Die Fortsetzung des Jupiter Tragödus gibt Lucian in dem überwiesenen Jupiter. Ein Cyniker bittet Zeus um die Erlaubniß, ihm ein Paar Fragen vorlegen zu dürfen. Er will nichts weiter, als daß er ihm sage, ob es wahr sei, was Homer und Hesiod gesagt haben, daß Niemand der Schicksalsgöttin und den Parzen entrinnen könne. Jupiter gibt dies zu und gesteht auch ein, daß das Schicksal über die Götter herrsche; er muß also einräumen, daß diese nichts sind, als müßige Maschinen. Mit diesem Bekenntniß wird der ganze Olymp vernichtet, und die Weissagung durch das Orakel als eine Abgeschmacktheit dargestellt; denn was hilft es den Sterblichen, die Zukunft zu ergründen, wenn sie dem Schluß der Heimarmene doch nicht entgehn können? Ebenso wird das Gericht über die Bösen und die Guten nach dem Tode aufgehoben, weil, wenn Alles dem Schicksale angehört, die Zurechnung des Handelnden und die moralische Freiheit nicht mehr möglich sind.

Alles, was Plutarch von den Orakeln, den Mysterien, der Vorsehung und dem Fatum mit so großer Mühe abgehandelt hat, stürzt vor diesen Syllogismen der Cyniker und Epikuräer zusammen. Lucian ist unerschöpflich, wo es darauf ankommt, die alten Dogmen zu zerstören. Er verhöhnt die zu seiner Zeit noch angesehenen Orakel des Trophonius und Amphilochus, besonders aber das legitimste aller, das delphische. Im Jupiter Tragödus läßt er Momus den Apollo auffordern, er möge doch, da er ein so großer Wahrsager sei, den Göttern verkündigen, wer von den beiden Philosophen den Sieg davontragen werde. Apollo entschuldigt sich erst mit der Ausflucht, daß er den Orakelapparat, den Dreifuß, das Räucherwerk und die kastalische Quelle nicht zur Hand habe, dann läßt er sich eine ganz alberne Prophezeiung abnötigen.

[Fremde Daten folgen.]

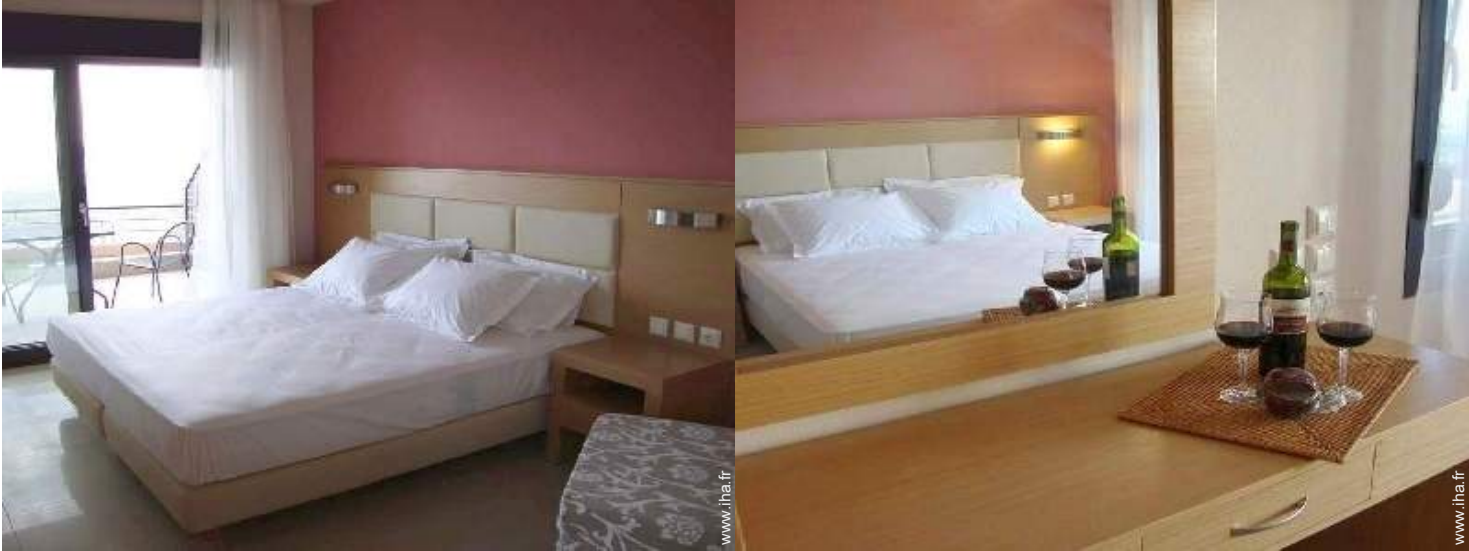
Couchage - lit(s)
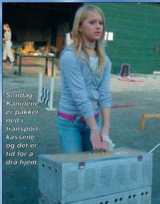
Søndag: Kaninene er pakket ned i transport- kassene, og det er tid for å dra hjem
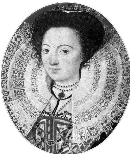
Амалия Ланьер (Бассано)
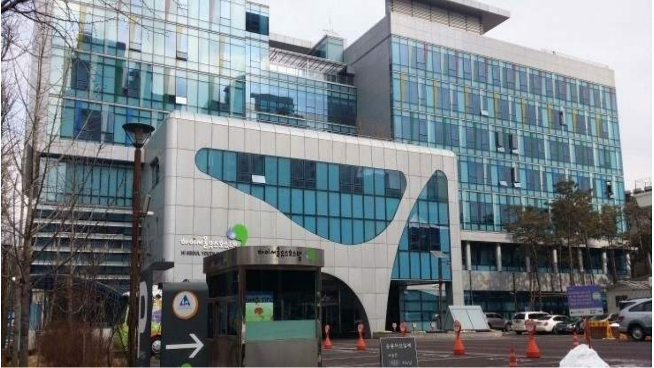
하이서울유스호스텔 / 주소: 서울특별시 영등포구 영신로 200
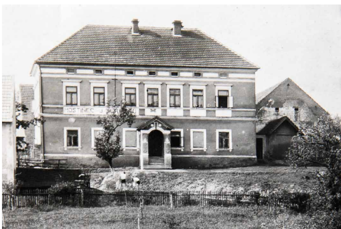
Hostinec U Slavičků, před rokem 1934.
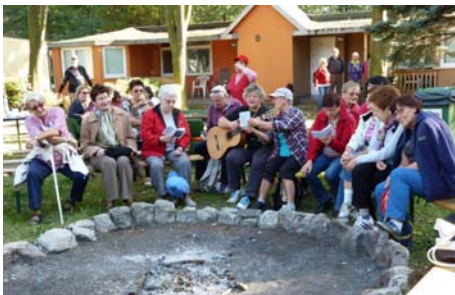
Jak dobrze nam zdobywać góry ....

Nicht minder richtet sich der Spott Lucians gegen die Dogmen von der Unsterblichkeit der Seele, dem Leben im Elysium und Tartarus. Dahin gehören seine plastischen Todtengespräche, welche auch in scenischer Zeichnung oft an die Hölle des Dante erinnern. Es ist da nichts, was seiner Geißel entgeht, weder Sokrates, noch Empedokles (der vom Aetna halb Gekochte), noch Pythagoras, der in dem freudelosen Hades selbst die verpönte Bohne nicht mehr verschmäht, weil die Dogmen in der stygischen Welt sich ändern. Achill, Alexander, Hannibal – was sind sie noch in der Unterwelt? Was ist aus Alexander, dem ehemaligen Gotte Ammon und dem indischen Bacchus geworden? An ihm, der nun den anderen Schatten gleich ist, in einer Welt, wo alle Unterschiede aufhören, und wo die Würmer die wahren Könige sind, weil sie die Könige verzehren, zeigt Lucian, wenn auch mit weltmännischer Vorsicht die Lächerlichkeit der kaiserlichen Apotheosen. Er langt bei der Philosophie Marc Aurels und Hamlets an, daß Alles eitel sei, daß das höchste Streben nach den Idealen des Lebens, ruhmwürdige Thaten und köstliche Güter nur Dunst seien. Er begegnet hier den Stoikern, ohne es zu wollen, und verfällt wie Voltaire in Verachtung gegen das Leben und den Menschen überhaupt. Plutarch wird also Recht behalten, wenn er (in seiner Schrift gegen die Epikuräer) vor diesem aus der Gottlosigkeit entspringenden Pessimismus warnt. Man muß es aber mit Lucian nicht so genau nehmen, denn bald wird er wieder zum Epikuräer und preist den Augenblick als das im Leben einzig Gewisse, die Zufriedenheit mit der Gegenwart und vor allen Dingen das Maß, die genügsame Selbstbescheidung. Das Ideale ist für ihn nicht vorhanden. Das absolute Wissen, Philosophie, Religion sind für ihn nur Gegenstände der Satire – was übrig bleibt, ist in der That nur der Genuß der Minute, außer ihm das Nichts.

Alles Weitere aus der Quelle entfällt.